It was a revelation to Arne. The peer, her consort, and her children looked no different from his father and himself except for fancy clothing that even he could see was unsuitable for any kind of work—but of course he had never seen a peerager working. He wondered if their clothing could be the reason. The only other differences he could discover were that peeragers lived in ornate dwellings surrounded by gardens and had servers standing by anxiously to wait on them. Arne’s mind gave another turn to the riddle his father had posed concerning no-namers: Were peeragers elevated above ordinary humans like his father and himself because they were somehow special, or were they special only because they were peeragers?

It was the peer’s second daughter who introduced Arne to the lash. She was far, far prettier than her older sister, the prince. He thought her a marvelous creature, so soft-looking in her long, frothy dress, so unlike the little one-name girls he knew who wore plain, practical clothing and had hands already roughened by work. She floated over the ground in a way that reminded him of the tales elderly persons told about angels that flew through the air. He wondered whether this second daughter of the peer was an angel.

While he sat waiting for his father, she invited him to play with her. He trailed after her in mute ecstasy, and she led him across the palace grounds to a small, secluded glade. His euphoria vanished when she produced a whip. “You are a no-namer,” she announced. “I am going to whip you.”

“I am not!” Arne protested indignantly.

“You are because I said so, and I am a peerling. If you don’t let me, my mother will send a lasher to do it.”

She began to lash him. Fortunately it was not a real whip but only one she had fashioned for herself with pieces of string.
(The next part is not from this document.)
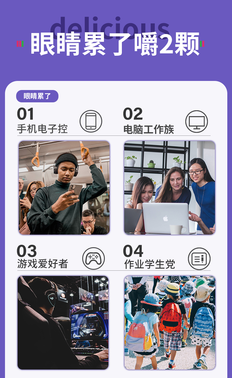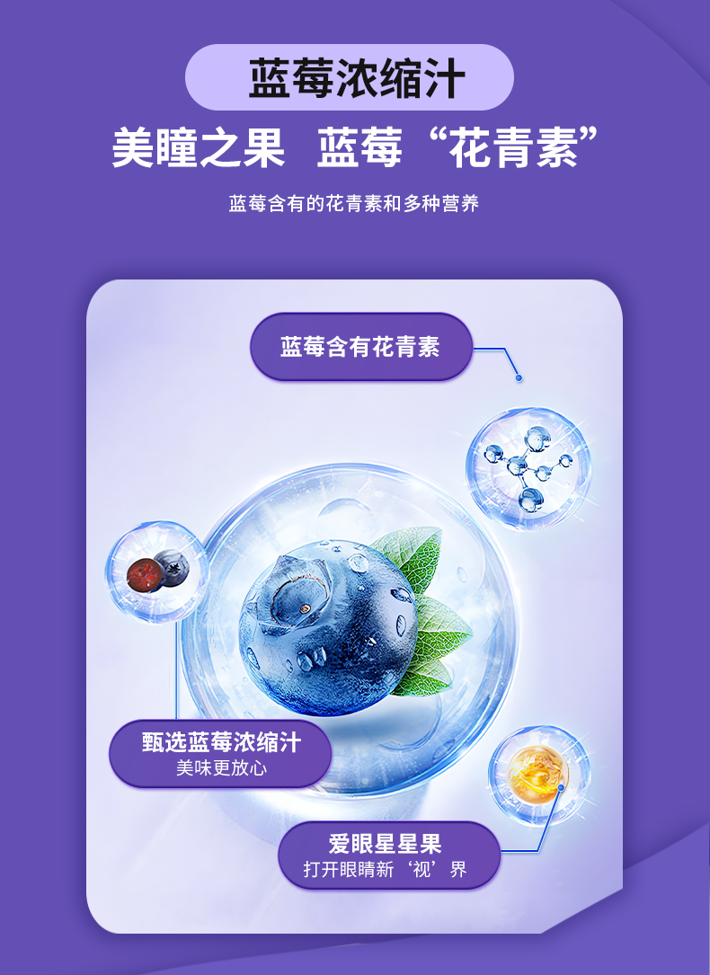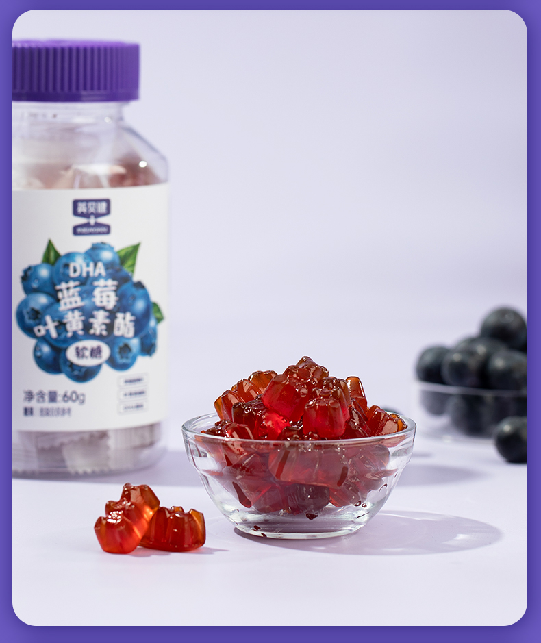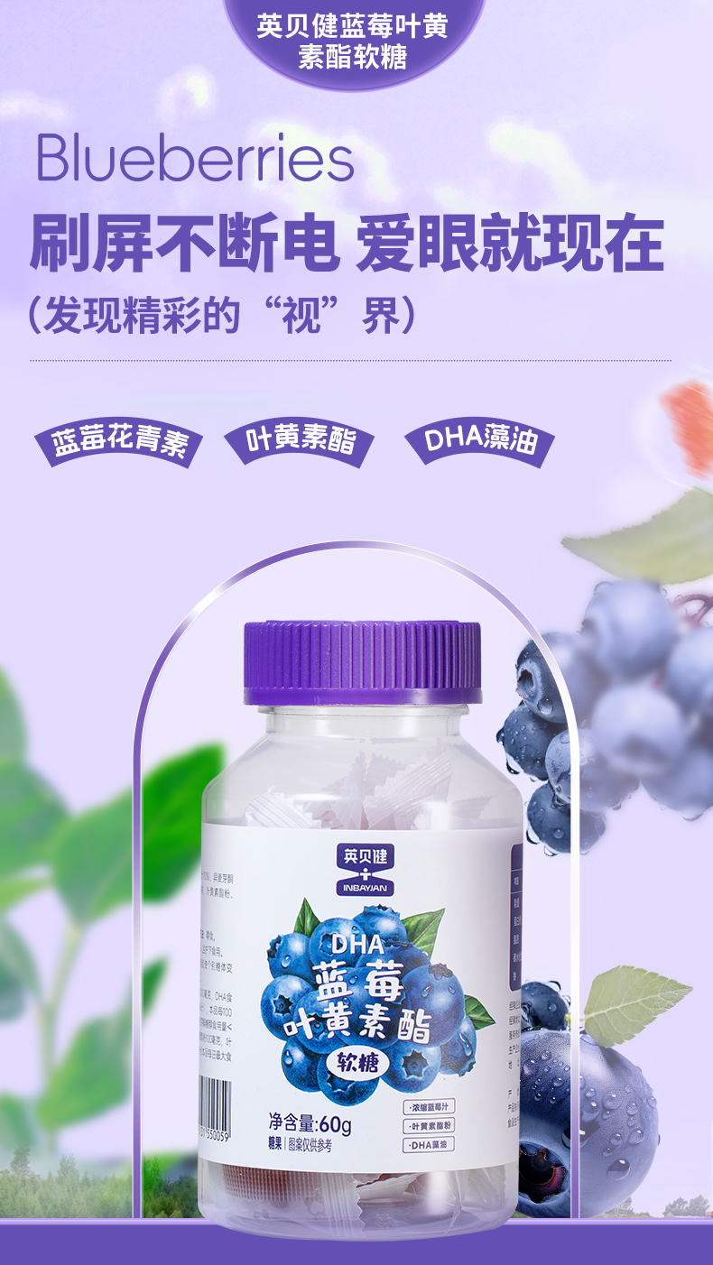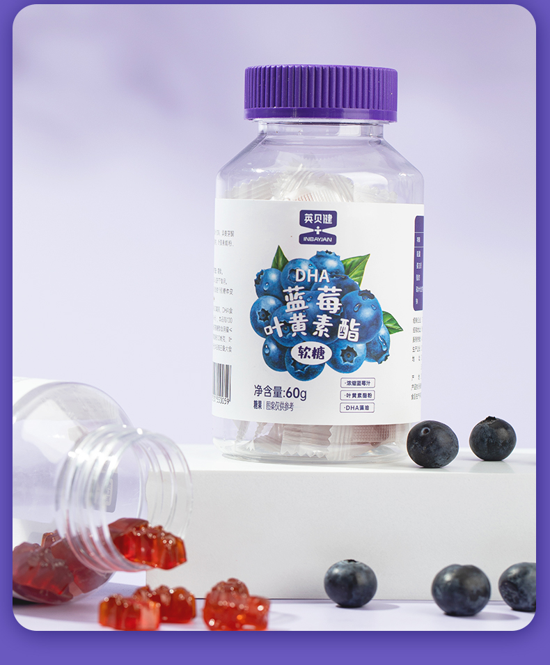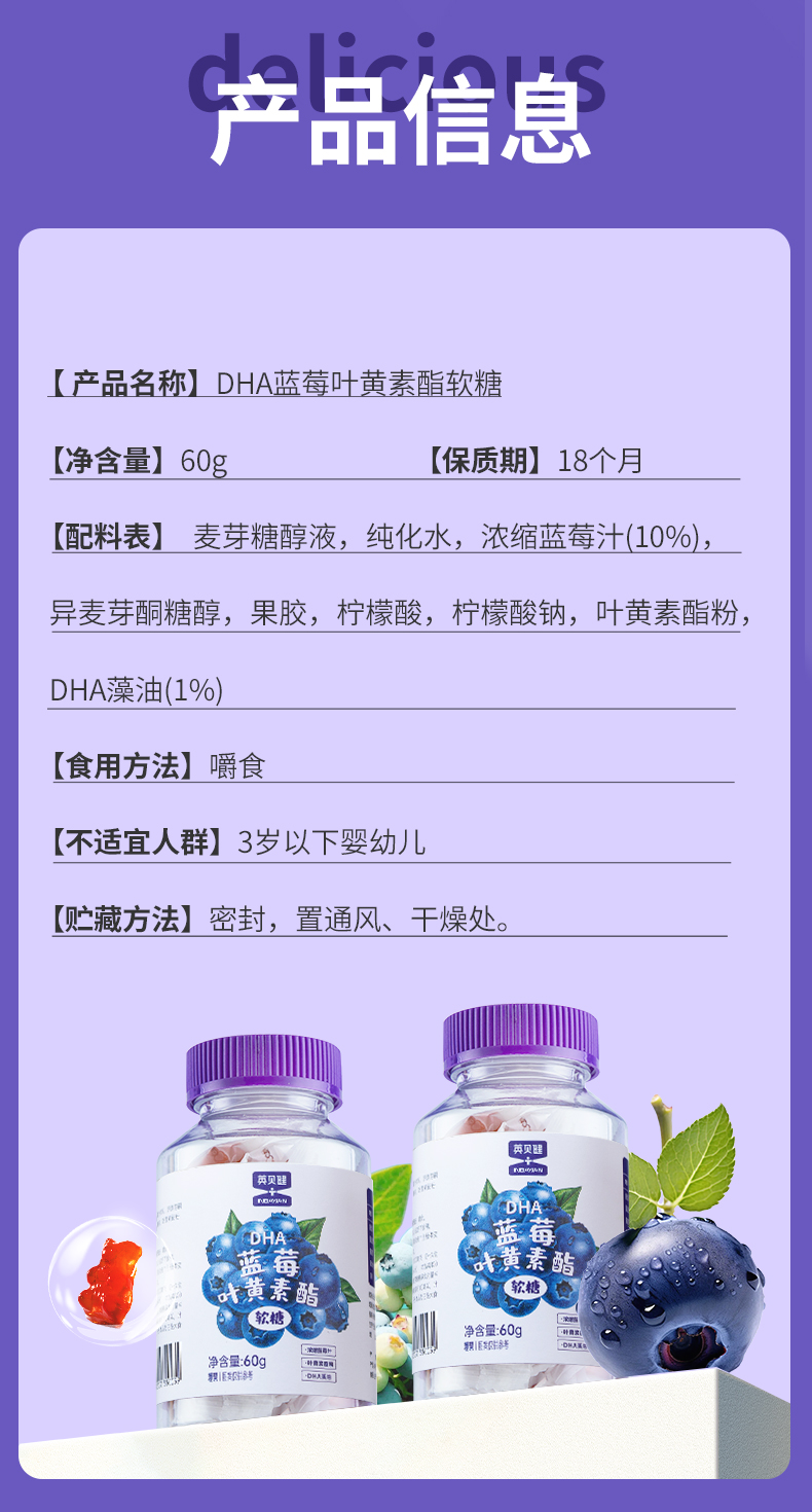 英贝健DHA蓝莓叶黄素酯软糖:麦芽糖醇液,纯化水,浓缩蓝莓汁(10%),异麦芽酮糖醇,果胶,柠檬酸,柠檬酸钠,叶黄素酯粉,DHA藻油(1%)

Even so, its strokes stung severely when his bare arms and face were touched, and Arne didn’t know what to do about it. He could only stand, smouldering with anger, and receive the blows, for a one-namer could not lift a hand against a peerager.

There was no telling how it might have ended had not the peer’s eldest daughter chanced to see what was happening. She ran for her mother, and the peer herself administered a different kind of lashing to her second daughter—with the flat of her bare hand. Arne was permitted to watch, and the girl glared venomously at him all the time the punishment was being inflicted.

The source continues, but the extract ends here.